Data for processing:
--------------------------------

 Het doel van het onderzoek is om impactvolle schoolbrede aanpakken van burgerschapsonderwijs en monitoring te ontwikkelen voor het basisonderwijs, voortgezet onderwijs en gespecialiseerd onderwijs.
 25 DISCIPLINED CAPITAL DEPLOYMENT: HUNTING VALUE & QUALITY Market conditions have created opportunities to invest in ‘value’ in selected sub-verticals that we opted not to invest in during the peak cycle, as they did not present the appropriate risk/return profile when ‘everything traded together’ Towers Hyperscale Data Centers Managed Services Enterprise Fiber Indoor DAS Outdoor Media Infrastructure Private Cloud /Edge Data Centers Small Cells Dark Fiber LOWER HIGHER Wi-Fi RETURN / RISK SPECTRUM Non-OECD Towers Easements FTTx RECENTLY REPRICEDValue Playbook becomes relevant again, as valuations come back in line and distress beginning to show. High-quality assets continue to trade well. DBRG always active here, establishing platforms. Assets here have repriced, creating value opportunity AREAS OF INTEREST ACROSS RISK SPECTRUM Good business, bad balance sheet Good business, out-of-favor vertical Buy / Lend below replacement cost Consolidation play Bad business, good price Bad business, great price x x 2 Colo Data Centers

--------------------------------

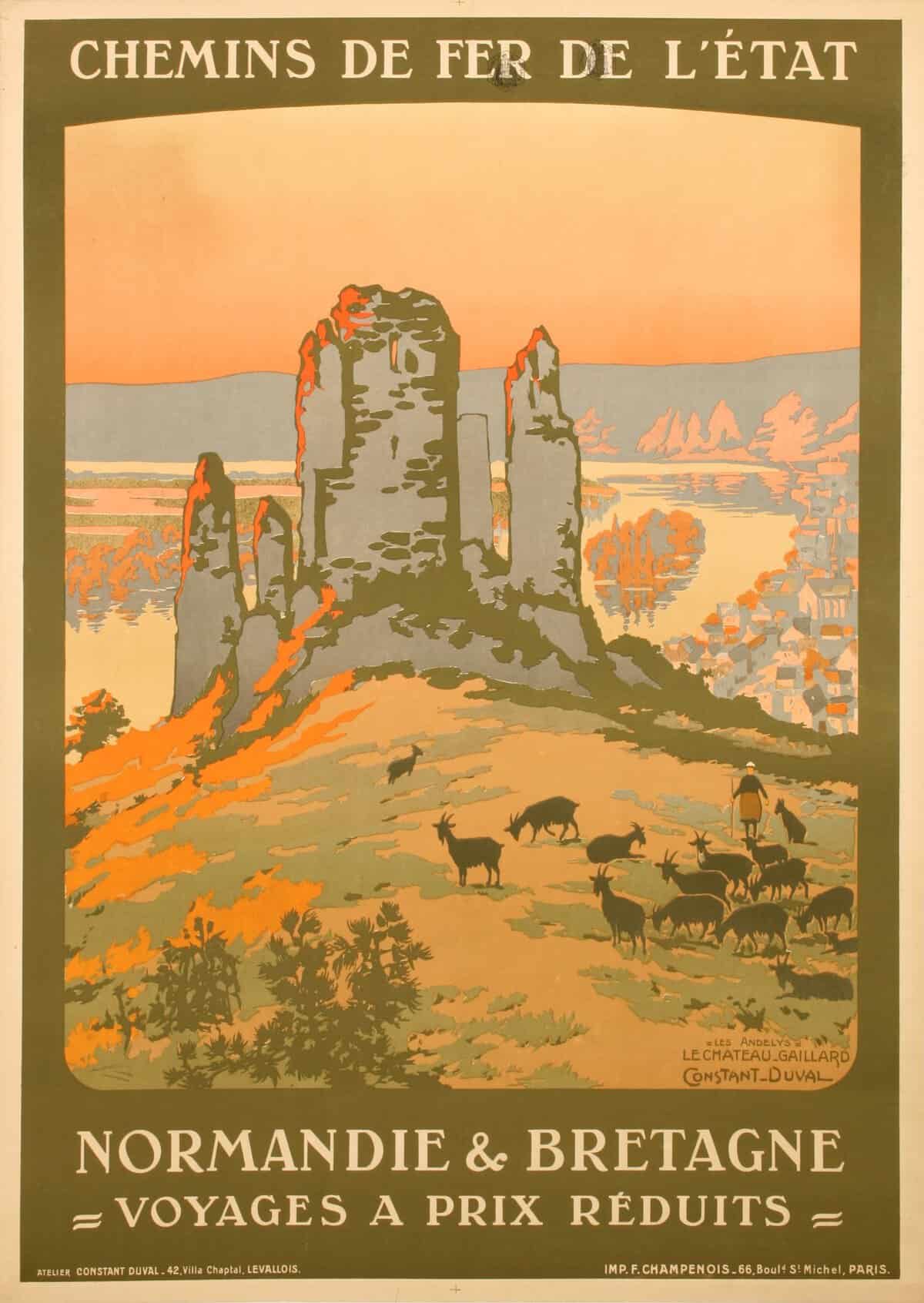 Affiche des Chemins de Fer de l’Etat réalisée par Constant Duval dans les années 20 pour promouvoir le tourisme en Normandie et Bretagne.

--------------------------------

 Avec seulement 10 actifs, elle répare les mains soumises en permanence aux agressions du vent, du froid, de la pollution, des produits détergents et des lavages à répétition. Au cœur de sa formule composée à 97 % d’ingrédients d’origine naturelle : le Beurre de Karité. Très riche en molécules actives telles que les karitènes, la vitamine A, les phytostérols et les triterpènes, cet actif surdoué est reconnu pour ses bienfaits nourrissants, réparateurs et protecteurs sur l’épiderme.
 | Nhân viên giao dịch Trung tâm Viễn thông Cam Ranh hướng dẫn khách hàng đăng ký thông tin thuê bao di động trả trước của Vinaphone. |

--------------------------------

Directions: In the listing above, find the line containing "Het doel van" and the line containing "25 DISCIPLINED CAPITAL", then repeat those two lines and everything between them exactly.

Answer space:
 Het doel van het onderzoek is om impactvolle schoolbrede aanpakken van burgerschapsonderwijs en monitoring te ontwikkelen voor het basisonderwijs, voortgezet onderwijs en gespecialiseerd onderwijs.
 25 DISCIPLINED CAPITAL DEPLOYMENT: HUNTING VALUE & QUALITY Market conditions have created opportunities to invest in ‘value’ in selected sub-verticals that we opted not to invest in during the peak cycle, as they did not present the appropriate risk/return profile when ‘everything traded together’ Towers Hyperscale Data Centers Managed Services Enterprise Fiber Indoor DAS Outdoor Media Infrastructure Private Cloud /Edge Data Centers Small Cells Dark Fiber LOWER HIGHER Wi-Fi RETURN / RISK SPECTRUM Non-OECD Towers Easements FTTx RECENTLY REPRICEDValue Playbook becomes relevant again, as valuations come back in line and distress beginning to show. High-quality assets continue to trade well. DBRG always active here, establishing platforms. Assets here have repriced, creating value opportunity AREAS OF INTEREST ACROSS RISK SPECTRUM Good business, bad balance sheet Good business, out-of-favor vertical Buy / Lend below replacement cost Consolidation play Bad business, good price Bad business, great price x x 2 Colo Data Centers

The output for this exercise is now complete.